Estimate of hazard ratio (and 95% confidence region) for different values of γ after multiple imputation. γ was set to 0 (random censoring) for all Highly Unlikely events. In this analysis, γ represents the log hazard of FoR at the time of censoring as compared to another (covariate-matched) individual that is not censored. The green line (HR) and region (95% CI) corresponds to the assumption that the hazard ratio of an FoR event was double for Possible events as compared to Unlikely events; the purple line (HR) and region (95% CI) corresponds to the assumption that the hazard ratio of an FoR event was ten times for Possible events as compared to Unlikely events

Discussion

In this paper, we have shown that cure proportions in both short and long regimens varied widely across alternative outcome definitions, but between-regimen differences did not. We have provided further evidence (albeit from post hoc analyses) suggesting that the hazard of failure or relapse (FoR) may be higher in the short regimen than in the long regimen. Further optimization of short DR-TB regimens to improve efficacy is urgently needed including dose optimization, the use of new drugs, and the use of alternative fluoroquinolones such as the novel delafloxacin [23] or gatifloxacin which, while unavailable now in many countries, has shown recent promise in MDR-TB observational cohorts [24]. These analyses highlight the importance of how loss to follow-up and other censoring are accounted for in analyses of clinical trial data.

These analyses of a new endpoint, time from randomization to a failure or relapse event (FoR), follow from a desire to better describe differences between regimens in terms of TB-specific efficacy while applying best practice for specification of estimands and analysis incorporating intercurrent events [25,26,27]. The standard survival Cox proportional hazards analysis, however, assumes that the chance of having a failure or relapse after a censoring event (had the event not occurred) is the same as for other participants in the study still in follow-up at that time point (the assumption of independent censoring [21]). This is, however, unlikely to be a reasonable assumption since those considered Possible or Unlikely include a variety of types of events that might be early indicators of failure or relapse such as poor adherence or withdrawal of consent (Table 1), and therefore, sensitivity analyses are paramount.

In our first sensitivity analysis, we employed the causal inference methodology of inverse probability of censoring weighting (IPCW [20]) to upweight uncensored individuals by the inverse of their probability of experiencing a censoring event. These individual-level probabilities are calculated based on baseline and on-treatment factors that are likely to predict the occurrence of a censoring outcome. The hazard ratio was slightly lower in this analysis, but with wider confidence intervals. More work is needed to explore implementation of this methodology to TB trial data, as is being done for TB observational data [28].

In our second sensitivity analysis, we imputed a time to failure or relapse event for individuals censored where this imputed time was predicted partly on baseline factors and partly on an explicit assumption as to how likely failure or relapse was to happen (the parameter γ) to see how sensitive our results were to this assumption [21]. We found that the difference in hazard of failure or relapse between arms was attenuated if we assume that a failure or relapse event was more likely to occur after a Possible or Unlikely FoR event than if these events had not occurred, represented by a positive γ. This means that analyses that fail to properly account for loss to follow-up and censoring by assuming independent censoring likely result in an under-estimate of the hazard of relapse and, in this trial, an over-estimate of the hazard ratio of failure or relapse between regimens. It should be noted, however, that confidence intervals are very wide, making precise determinations challenging, and we must assume a much higher chance of FoR event after censoring compared to no censoring in order for this effect to be non-negligible. For example, the hazard ratio of a FoR event between regimens is attenuated from about 2.0 to about 1.5 only when γ exceeds 4.0, corresponding to very high hazard ratio of FoR event between censored and uncensored observations of 55 for Unlikely and 110 for Possible events.

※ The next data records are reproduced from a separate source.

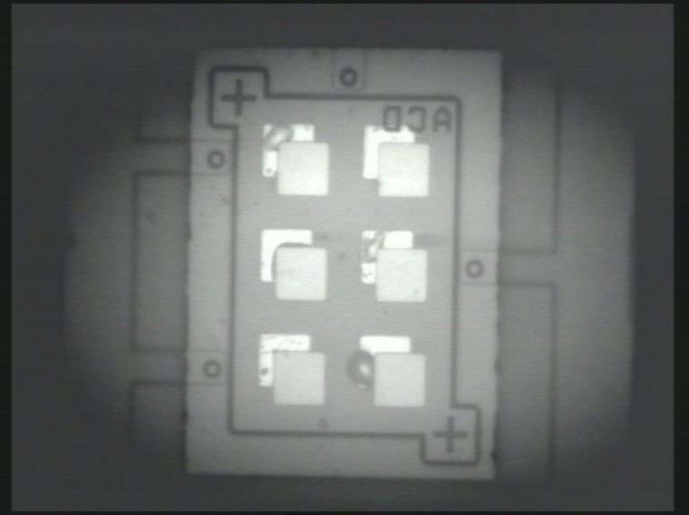 | Figure 7: Infrared microscope image of the assembly after the soldering process was carried out. | Figure 8: Detailed picture of Figure 7 | |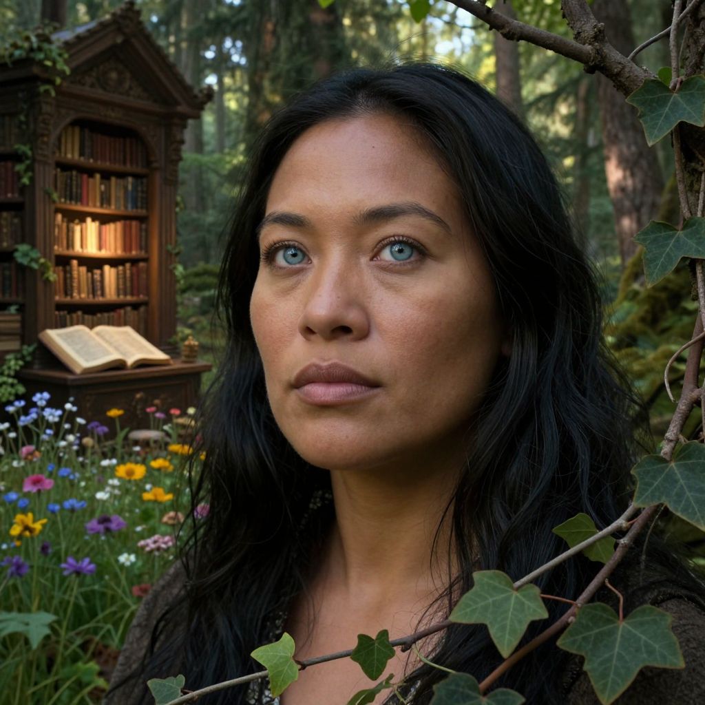 A photorealistic portrait depicts a Pacific Islander woman with captivating ice-blue eyes and delicate features, enveloped in an air of serenity and mystery. Her gaze, lost in thought, drifts towards the distance, framed by an intricate web of ivy. The background seamlessly blends a tranquil Scandinavian forest with an ancient library, where illuminated manuscripts coexist with vibrant wildflowers under dappled sunlight, creating an emotional gradient that evokes both wisdom and curiosity.
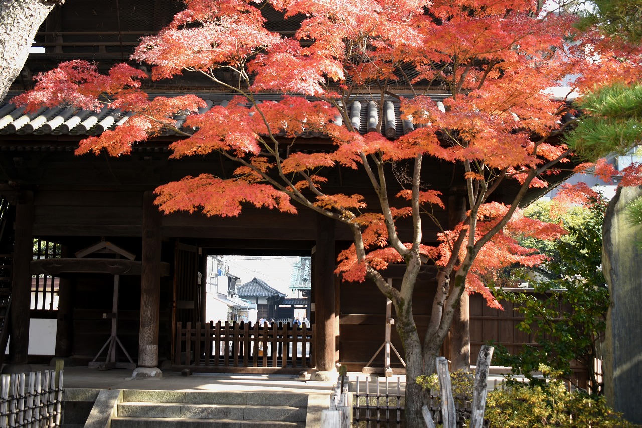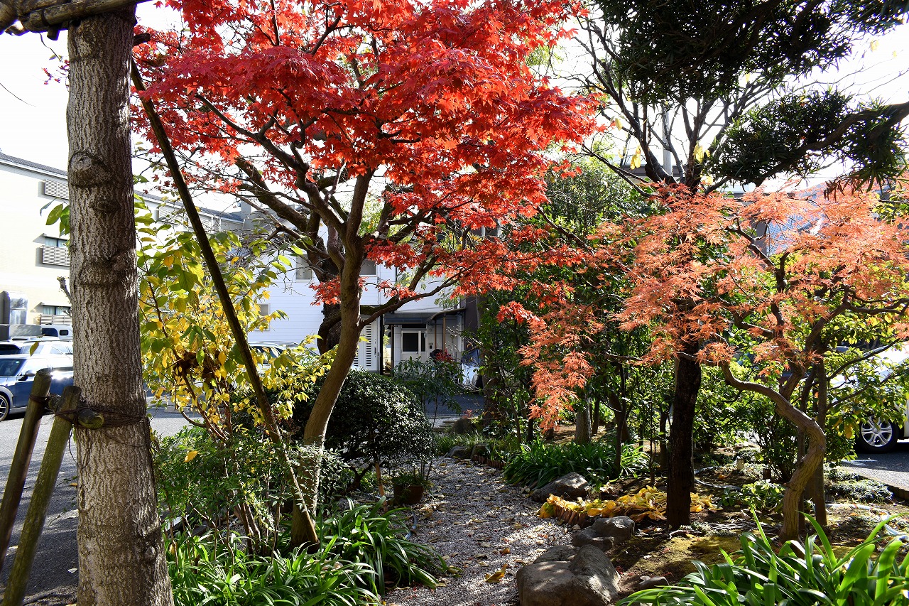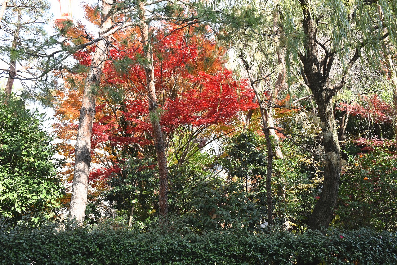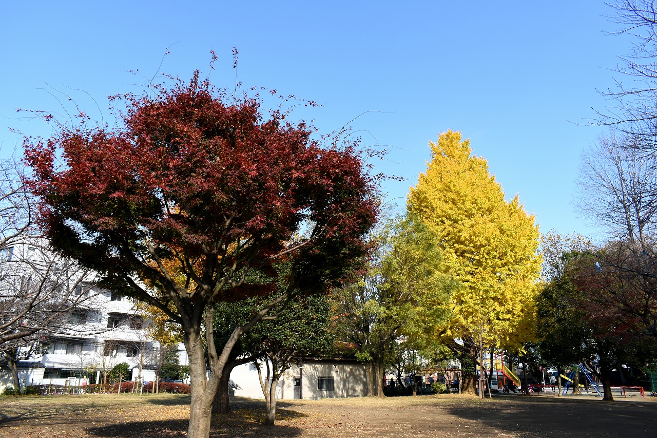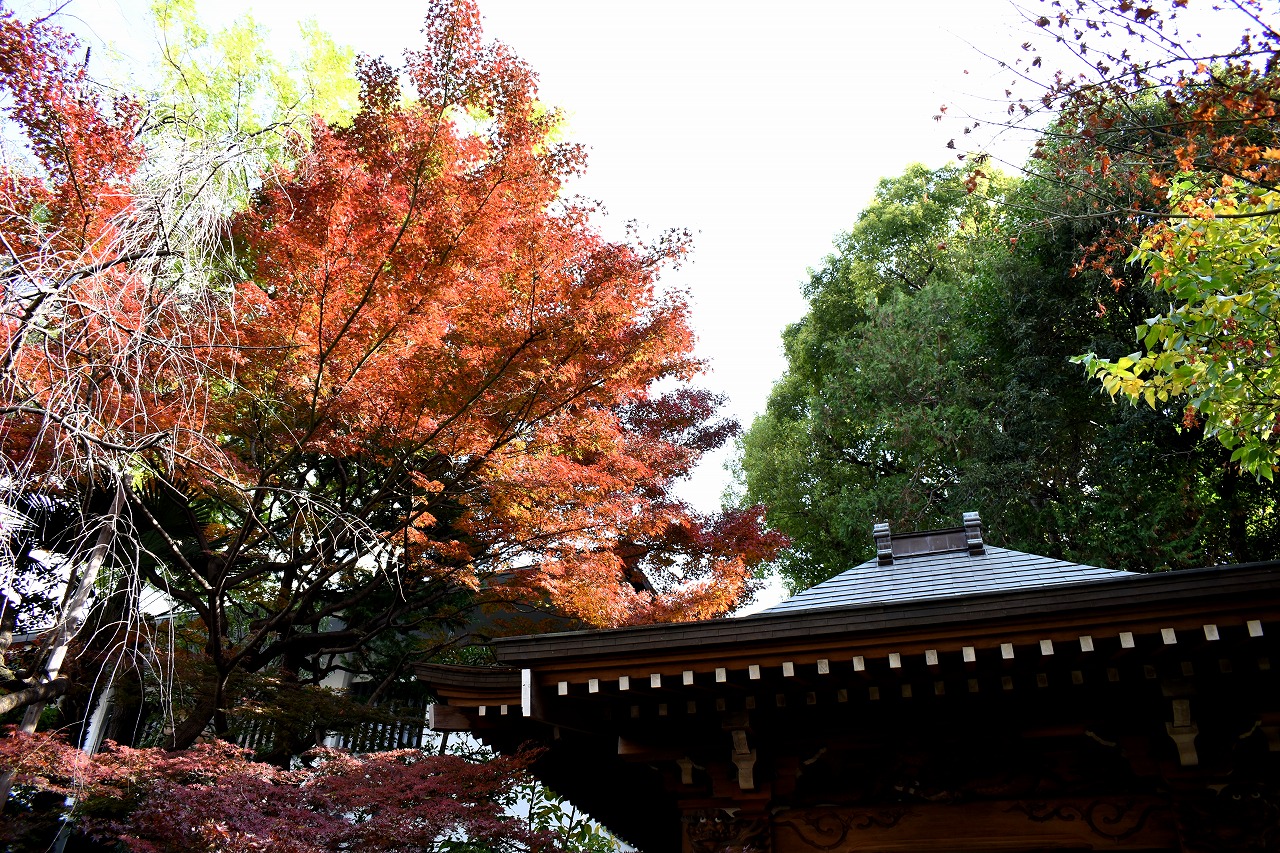 「一言」亀塚公園には大きな木がたくさんありますが、どれも黄葉して見事です。三田台児童遊園の大きな木も黄葉しています。今年は柿の実がたくさんなりました。 泉岳寺のもみじも紅葉して綺麗です。門を背景にしたもみじは風情があります。三田寺町にはあちらこちらのお寺に紅葉や黄葉が見られ風情があります。

These analyses suffered from several limitations. Primarily, these post hoc analyses were not prespecified in the protocol or statistical analysis plan, and it was not possible to classify the likelihood of an event being a FoR event by a blinded independent committee since the primary trial results were already published. This might have introduced unconscious bias in classification or choice of methods for analysis; we therefore do not consider our FoR classification necessarily definitive for future trials. Ideally, the FoR classification and methods of analysis should be pre-specified and applied to trial data by a blinded independent endpoint review committee considering reasons for loss to follow-up and other censoring events. We would encourage future investigators to include all relevant stakeholders in the development of prospective consensus definitions for each type of event and intercurrent event in TB trials. As an example that could be replicated for TB trials, there are published descriptions of different types of AIDS-defining events [29] that have been used by blinded endpoint committees to adjudicate composite primary outcomes in large treatment trials in HIV such as START [30].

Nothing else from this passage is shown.